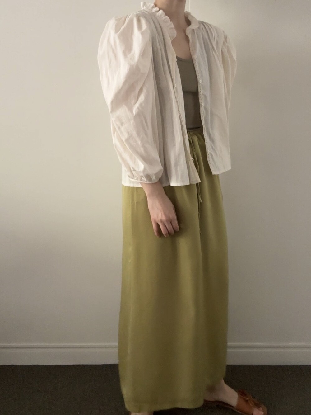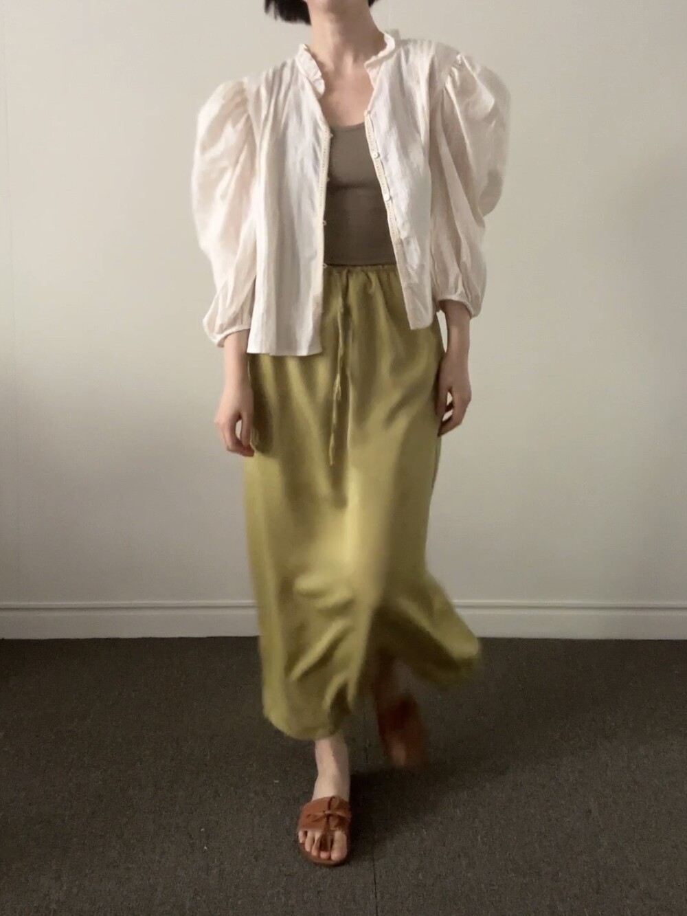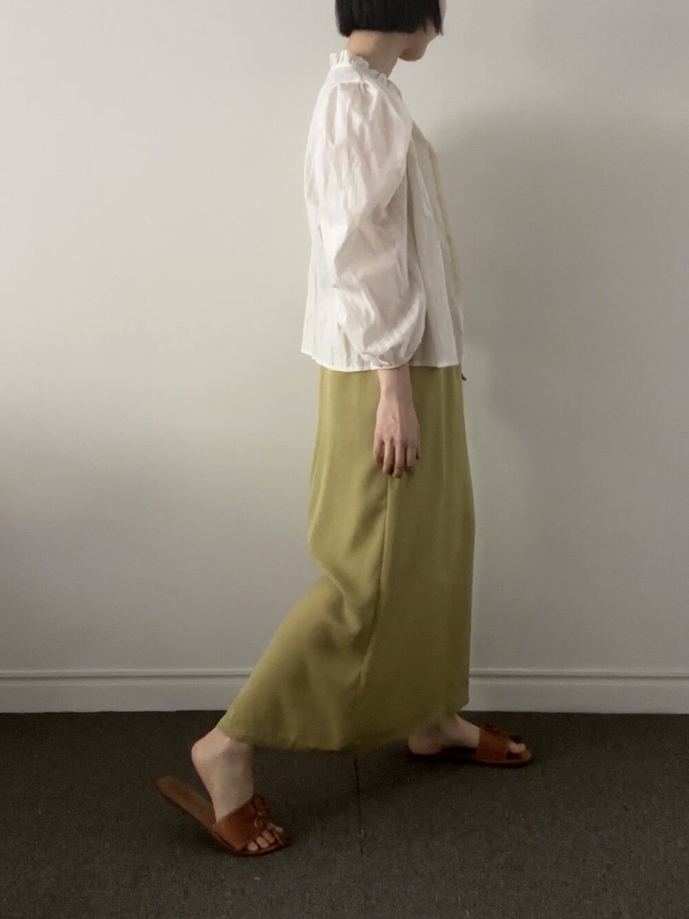 레몬 빛이 감도는 화사하고 매트한 올리브 컬러,
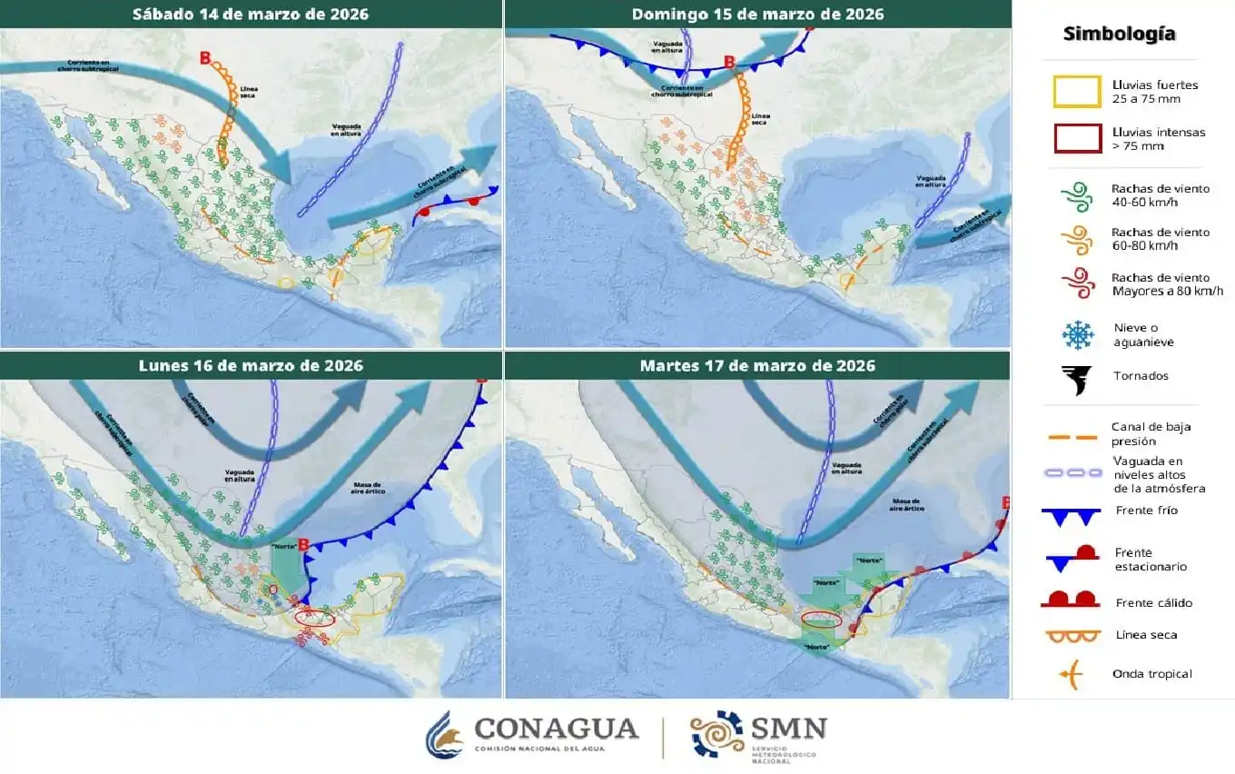 “Durante el período de pronóstico, canales de bajas presiones sobre el interior del país, sumado a la inestabilidad atmosférica y el ingreso de humedad desde el Océano Pacífico, Golfo de México y Mar Caribe provocarán aguaceros y tormentas dispersas en estados del noreste, occidente, centro y sur del país.
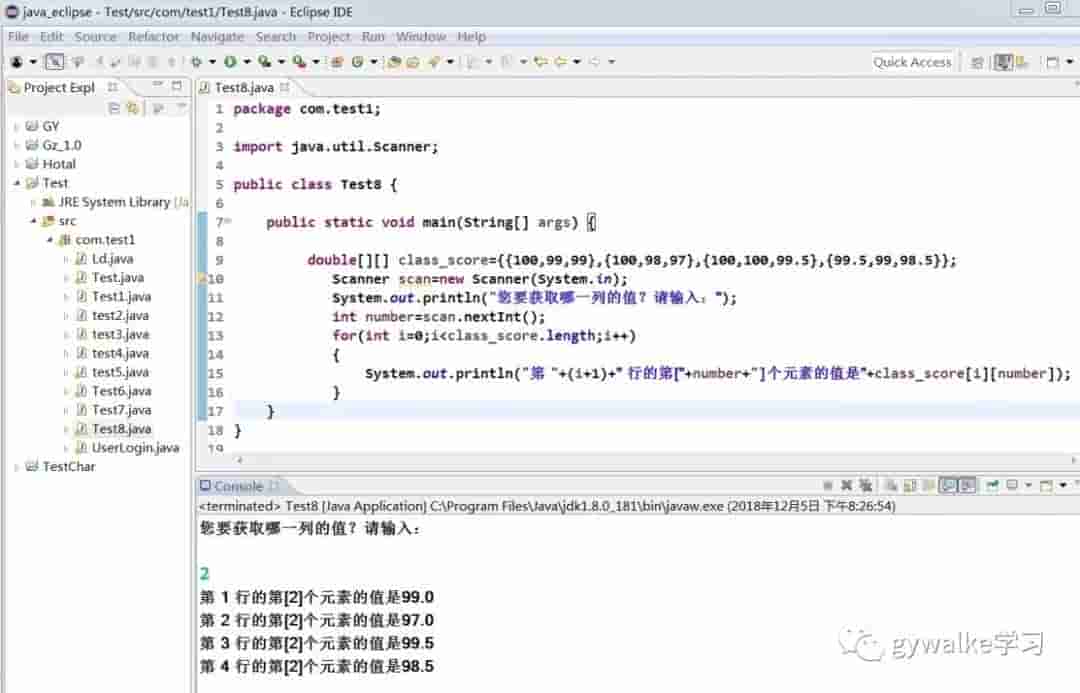 除了获取单个元素和一律元素之外,还可以单独获取二维数组的某一行中所有元素的值,或者者二维数组中某一列元素的值。获取指定行的元素时,需要将行数固定,而后只遍历该行中的一律列就可。
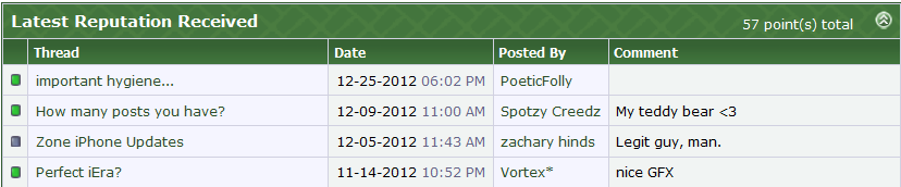 Last one was the new years resolution thread, by HON3Y BADG3R, reason being: "T". I got like, three rep today. One of them was black and I didn't get any points for it. What's up with that?
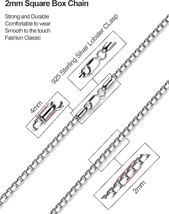 - 『Classic Fashion』 - Introducing the Silver Square Box Chain, a resilient and radiant accessory that effortlessly enhances your style. This chain showcases a easy-to-use 925 sterling silver clasp and a durable lobster clasp adorned with a sleek cylindrical end, guaranteeing a secure and unwavering grip around your neck, even when paired with Large pendants. The square box-shaped design of the chain exudes an everlasting and ageless allure, surpassing transient fashion trends.
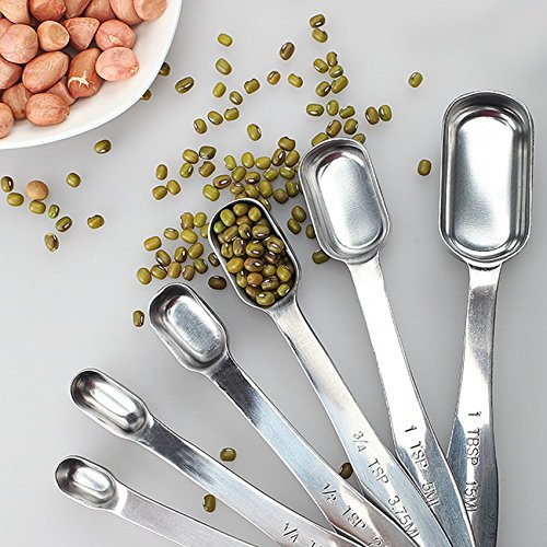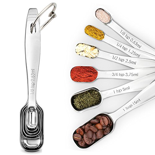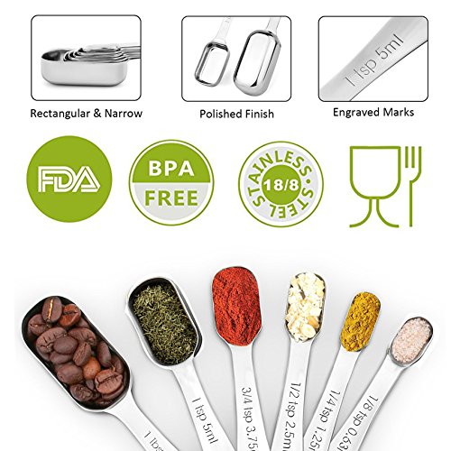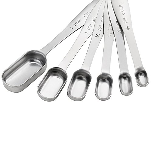 Sunkuka 6-Piece Stainless Steel Measuring Spoon Set for Dry and Liquid with Narrow Shape, Easy to fit in Spice Jars
# # # # # # #
◆ **What is needed**
Reprint the listing above verbatim but drop the images.

◆ **Answer space**
 레몬 빛이 감도는 화사하고 매트한 올리브 컬러,
 “Durante el período de pronóstico, canales de bajas presiones sobre el interior del país, sumado a la inestabilidad atmosférica y el ingreso de humedad desde el Océano Pacífico, Golfo de México y Mar Caribe provocarán aguaceros y tormentas dispersas en estados del noreste, occidente, centro y sur del país.
 除了获取单个元素和一律元素之外,还可以单独获取二维数组的某一行中所有元素的值,或者者二维数组中某一列元素的值。获取指定行的元素时,需要将行数固定,而后只遍历该行中的一律列就可。
 Last one was the new years resolution thread, by HON3Y BADG3R, reason being: "T". I got like, three rep today. One of them was black and I didn't get any points for it. What's up with that?
 - 『Classic Fashion』 - Introducing the Silver Square Box Chain, a resilient and radiant accessory that effortlessly enhances your style. This chain showcases a easy-to-use 925 sterling silver clasp and a durable lobster clasp adorned with a sleek cylindrical end, guaranteeing a secure and unwavering grip around your neck, even when paired with Large pendants. The square box-shaped design of the chain exudes an everlasting and ageless allure, surpassing transient fashion trends.
 Sunkuka 6-Piece Stainless Steel Measuring Spoon Set for Dry and Liquid with Narrow Shape, Easy to fit in Spice Jars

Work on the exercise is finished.